For this exercise, write out only the lines of the entries below from the one with "Dark Sage Green" up to and including the one with "Overlay of cumulative", exactly as they are. Pictures stay out.

Start of PROVIDED RECORDS

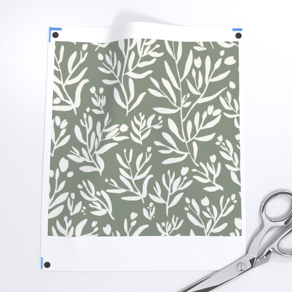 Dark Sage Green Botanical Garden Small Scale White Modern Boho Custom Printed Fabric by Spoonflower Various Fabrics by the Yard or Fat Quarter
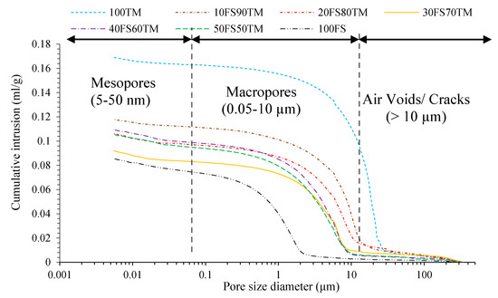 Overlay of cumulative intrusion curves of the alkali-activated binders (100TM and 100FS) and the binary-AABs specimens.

End of PROVIDED RECORDS
Start of PROVIDED RECORDS

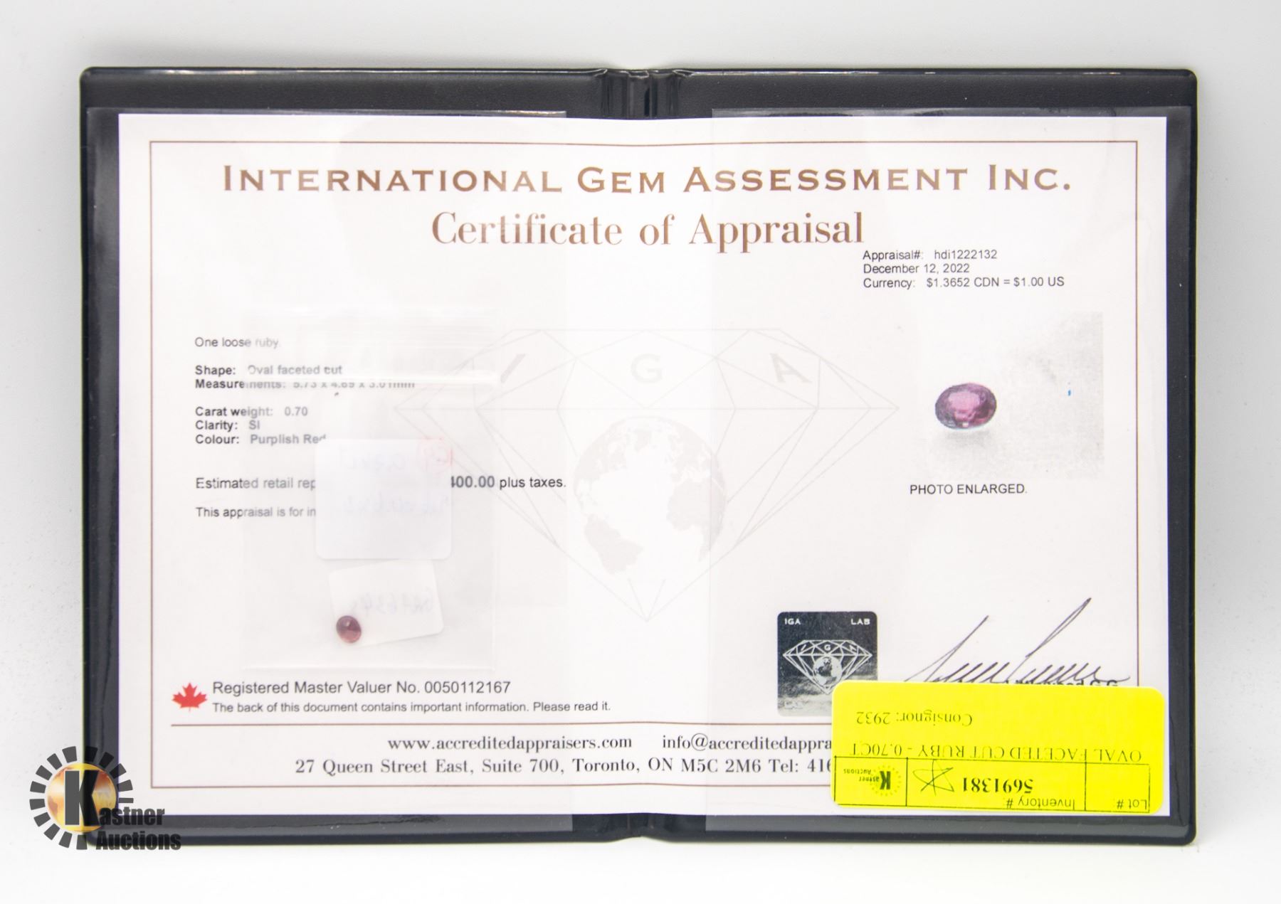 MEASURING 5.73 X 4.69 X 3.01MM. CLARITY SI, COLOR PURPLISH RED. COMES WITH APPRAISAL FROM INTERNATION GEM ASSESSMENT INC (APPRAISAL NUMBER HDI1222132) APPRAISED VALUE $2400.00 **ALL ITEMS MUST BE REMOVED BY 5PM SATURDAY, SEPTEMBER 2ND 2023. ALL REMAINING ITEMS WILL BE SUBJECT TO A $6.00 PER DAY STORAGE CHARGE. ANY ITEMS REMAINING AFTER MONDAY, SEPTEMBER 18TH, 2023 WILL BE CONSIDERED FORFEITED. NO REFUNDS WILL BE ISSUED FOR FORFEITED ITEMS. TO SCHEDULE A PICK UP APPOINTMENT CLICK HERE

End of PROVIDED RECORDS

■ **SOLUTION TO THE EXERCISE**
 Dark Sage Green Botanical Garden Small Scale White Modern Boho Custom Printed Fabric by Spoonflower Various Fabrics by the Yard or Fat Quarter
 Overlay of cumulative intrusion curves of the alkali-activated binders (100TM and 100FS) and the binary-AABs specimens.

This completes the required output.